Detecing password protected PPT and XLS documents

2019-05-05 00:48发布

问题:

I found this answer https://stackoverflow.com/a/14336292/1537195 which gave a good way to detect password protection for DOC and XLS files.

//Flagged with password
if (bytes.Skip(0x20c).Take(1).ToArray()[0] == 0x2f) return true; //XLS 2003
if (bytes.Skip(0x214).Take(1).ToArray()[0] == 0x2f) return true; //XLS 2005
if (bytes.Skip(0x20B).Take(1).ToArray()[0] == 0x13) return true; //DOC 2005

However it does not seem to cover all XLS files and I am also looking for a way to detect PPT files in the same manner. Does anyway know which bytes to look at for these file types?

回答1:

I saved a PowerPoint presentation as .ppt and .pptx with and without a password required for opening them, opened them in 7-Zip and came to the tentative conclusion that

  • .pptx files without a password always use a standard .zip file format
  • .ppt files are CompoundDocuments
  • .pptx files with a password also CompoundDocuments
  • All passworded CompoundDocuments contain an entry named *Encrypt*

To get this code running, you need to installed the NuGet package OpenMcdf.

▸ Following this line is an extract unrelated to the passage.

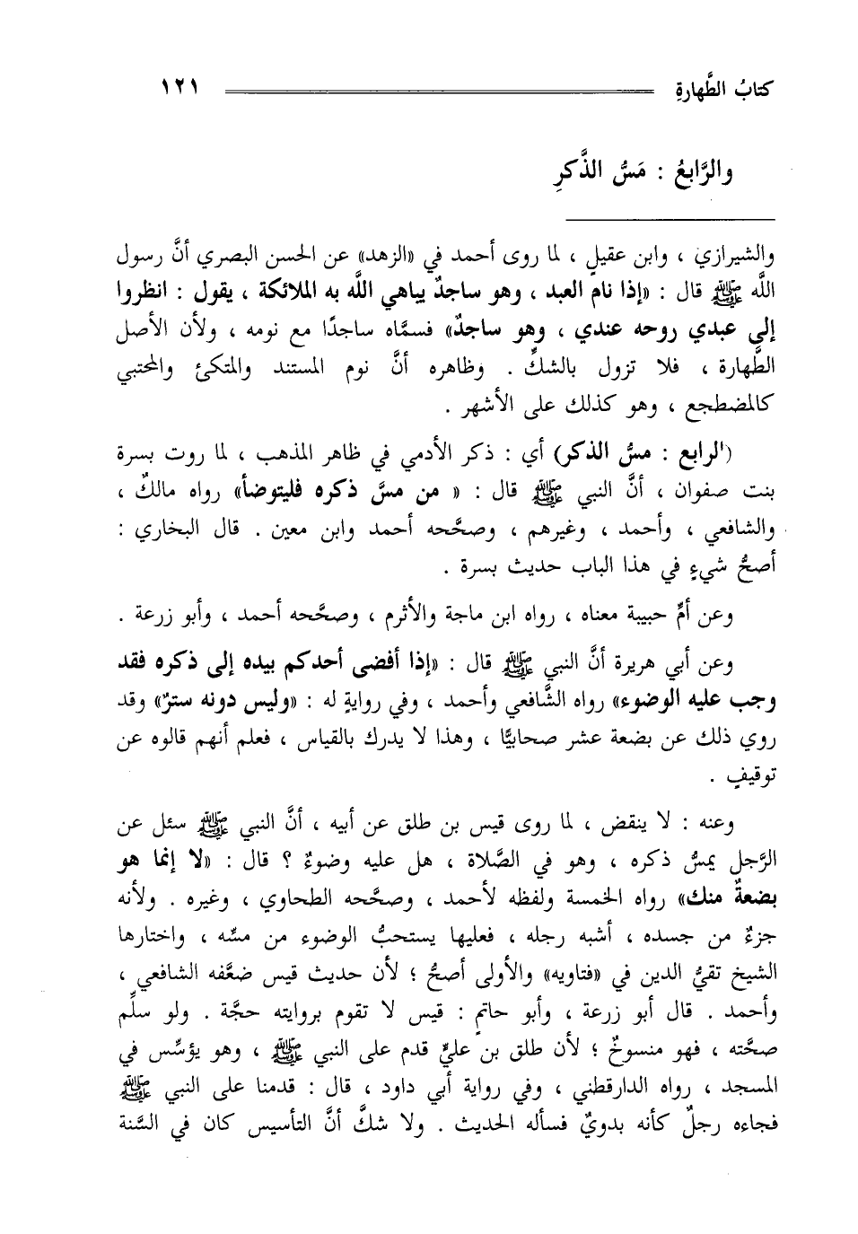 وعنه لا ينقض لما روى قيس بن طلق عن أبيه "أن النبي صلى الله عليه وسلم سئل عن الرجل يمس ذكره وهو في الصلاة هل عليه وضوء قال: "لا إنما هو بضعة منك" رواه الخمسة ولفظه لأحمد وصححه الطحاوي وغيره ولأنه جزء من جسده أشبه رجله فعليها يستحب الوضوء من مسه واختارها الشيخ تقي الدين في فتاويه والأولى أصح لأن حديث قيس ضعفه الشافعي وأحمد قال أبو زرعة وأبو حاتم قيس لا تقوم بروايته حجة ولو سلم صحته فهو منسوخ لأن طلق بن علي قدم على النبي صلى الله عليه وسلم وهو يؤسس في المسجد" رواه الدارقطني وفي رواية أبي داود قال "قدمنا على النبي صلى الله عليه وسلم فجاءه رجل كأنه بدوي فسأله" الحديث ولا شك ن التأسيس كان في السنه

This is the first C# library that I could find for reading CompoundDocuments.

using OpenMcdf;
using System;
using System.Collections.Generic;
using System.IO;
using System.Linq;

namespace _22916194
{
    //http://stackoverflow.com/questions/22916194/detecing-password-protected-ppt-and-xls-documents
    class Program
    {
        static void Main(string[] args)
        {
            foreach (var file in args.Where(File.Exists))
            {
                switch (Path.GetExtension(file))
                {
                    case ".ppt":
                    case ".pptx":
                        Console.WriteLine($"* {file} " +  (HasPassword(file) ? "is " : "isn't ") + "passworded");
                        Console.WriteLine();
                        break;

                    default:
                        Console.WriteLine($" * Unknown file type: {file}");
                        break;
                }
            }

            Console.ReadLine();

        }

        private static bool HasPassword(string file)
        {
            try
            {
                using (var compoundFile = new CompoundFile(file))
                {
                    var entryNames = new List<string>();
                    compoundFile.RootStorage.VisitEntries(e => entryNames.Add(e.Name), false);

                    //As far as I can see, only passworded files contain an entry with a name containing Encrypt
                    foreach (var entryName in entryNames)
                    {
                        if (entryName.Contains("Encrypt"))
                            return true;
                    }
                    compoundFile.Close();

                }
            }
            catch (CFFileFormatException) {
                //This is probably a .zip file (=unprotected .pptx)
                return false;
            }
            return false;
        }
    }
}

You should be able to extend this code to handle other Office formats. The conclusions at the top should hold true, except that you need to look for some other data in the CompoundDocument than a filename containing *Encrypt* (I had a quick look at .doc files and it didn't seem to work exactly the same).